Saturday, May 3, 2008

Scary Books

Once in a blue moon, I find an author quite by accident and devour every single thing that writer has penned. Such was the case with Jeffrey Deaver. A friend gave me A Maiden's Grave which I finished fast and finding myself hooked, proceeded to read every other book he wrote. I usually can't watch the movies made from books like these because frankly, they scare the shit out of me. I'm not one to watch a thriller since the time I watched Psycho while I was home alone babysitting for my cousin. It was years before I could take a shower if I was by myself in the house-and I still lock every door and window before I do. For some reason, I can't get enough of this genre of books. Psychopathic serial killer? Bring it on. True life crime stories? Love them. The movies about people like Jeffrey Dahmer? Uh-uh. They creep me out.

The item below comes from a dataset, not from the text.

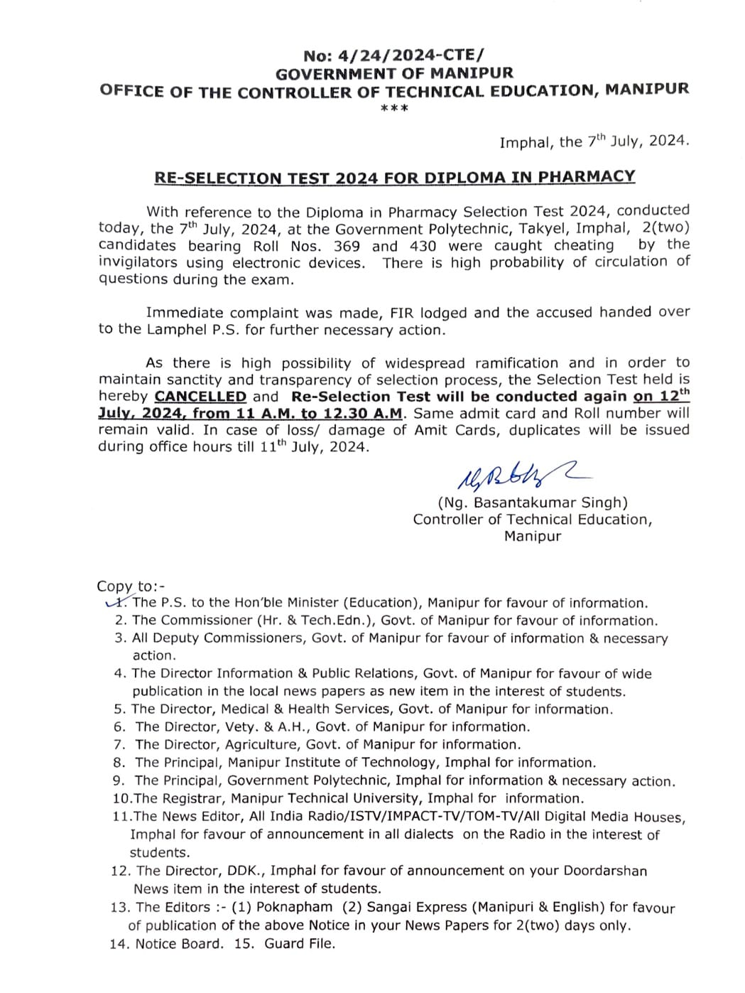 - Re selection test for Diploma in Pharmacy.New

Most of these movies couldn't hold a torch to the book anyway. Hollywood annoys me when they change fundamental features of a character I've read about. Deaver describes his reappearing hero Lincoln Rhyme as a Tom Cruise look alike yet Denzel Washington was cast in this role and this bothers me. Does he look like Denzel or does he look like Tom? Which is it? My mind's eye has already fixed the features of Tom (who I don't really like so it isn't the end of the world) in my memory and now I have to focus on somebody completely different. This tends to ruin the story for me even though we've already established I'm a chicken-shit and not likely to watch it anyway.

Nothing however prepared me for my own flesh and blood bone collector. He didn't look like Deaver's Bone Collector. Angelina Jolie wasn't in hot pursuit with Denzel telling her how to set up and walk the grid to find him. Nothing like that at all. What I had was an obviously insane patient who came to the ER with a raging infection in his foot. Seems he had hacked his toes off with a lawnmower in August. It was now January and he had an incredibly painful infection in his foot. He had not sought medical care when he did this (how do you do that if the mower is being pushed in front of you?), but was seeking it now. Nonchalantly, this person pulls a baggie out of his shirt pocket and asks if I'll need to see his toes. Yep. A baggie full of petrified toes. He had read somewhere that perhaps they could be reattached.

Thinking perhaps I could now retire as I'd seen everything, my patient removed his shoe to show me the offending appendage and I wanted to faint. It wasn't the worst thing I'd ever seen but it was about the nastiest thing I think I've ever smelled. It was gas gangrene. This career of mine sure provides stimuli for all of one's senses. So let's see, it was ugly and dead (a feast for the eyes), it stunk worse than anything I've smelled including dead bowel. When touching it, I felt crepitus which I also heard (think snap, crackle and pop). I drew the line at taste although my olfactory nerve was insulted enough to give me an idea of what that would be like.

What is it that makes a human think and act in such a way? It was an emergency on the day he did it and of course on the day he presented. How in the world did he wait five months to get attention? It beats the hell out of me.